WHAT THE TASK ASKS: Whenever the word "meter" shows up in a line of the data, copy that line.

DATASET ENTRIES:

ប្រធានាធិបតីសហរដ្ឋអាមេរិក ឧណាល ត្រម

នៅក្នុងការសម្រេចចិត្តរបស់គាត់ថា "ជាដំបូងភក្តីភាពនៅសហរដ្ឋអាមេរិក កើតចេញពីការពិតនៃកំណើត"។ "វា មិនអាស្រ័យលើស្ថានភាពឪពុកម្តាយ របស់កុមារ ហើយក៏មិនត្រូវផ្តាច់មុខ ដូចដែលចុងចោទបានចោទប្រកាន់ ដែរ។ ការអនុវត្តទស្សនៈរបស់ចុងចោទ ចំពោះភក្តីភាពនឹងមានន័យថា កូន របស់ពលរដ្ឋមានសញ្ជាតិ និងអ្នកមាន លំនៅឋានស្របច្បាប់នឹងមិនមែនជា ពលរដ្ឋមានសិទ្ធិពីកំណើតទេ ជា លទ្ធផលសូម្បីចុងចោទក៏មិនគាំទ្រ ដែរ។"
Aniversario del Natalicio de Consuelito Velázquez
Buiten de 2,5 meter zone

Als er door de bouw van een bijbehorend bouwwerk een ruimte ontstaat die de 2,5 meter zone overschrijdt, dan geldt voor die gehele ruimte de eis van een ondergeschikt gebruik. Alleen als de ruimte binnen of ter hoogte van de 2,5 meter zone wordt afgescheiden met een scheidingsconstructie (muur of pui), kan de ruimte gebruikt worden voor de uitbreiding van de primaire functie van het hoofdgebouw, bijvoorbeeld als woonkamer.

...

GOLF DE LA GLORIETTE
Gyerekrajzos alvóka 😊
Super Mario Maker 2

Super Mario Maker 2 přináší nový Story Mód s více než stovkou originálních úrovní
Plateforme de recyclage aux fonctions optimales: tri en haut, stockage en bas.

SOLUTION TO THE EXERCISE:
Buiten de 2,5 meter zone
Als er door de bouw van een bijbehorend bouwwerk een ruimte ontstaat die de 2,5 meter zone overschrijdt, dan geldt voor die gehele ruimte de eis van een ondergeschikt gebruik. Alleen als de ruimte binnen of ter hoogte van de 2,5 meter zone wordt afgescheiden met een scheidingsconstructie (muur of pui), kan de ruimte gebruikt worden voor de uitbreiding van de primaire functie van het hoofdgebouw, bijvoorbeeld als woonkamer.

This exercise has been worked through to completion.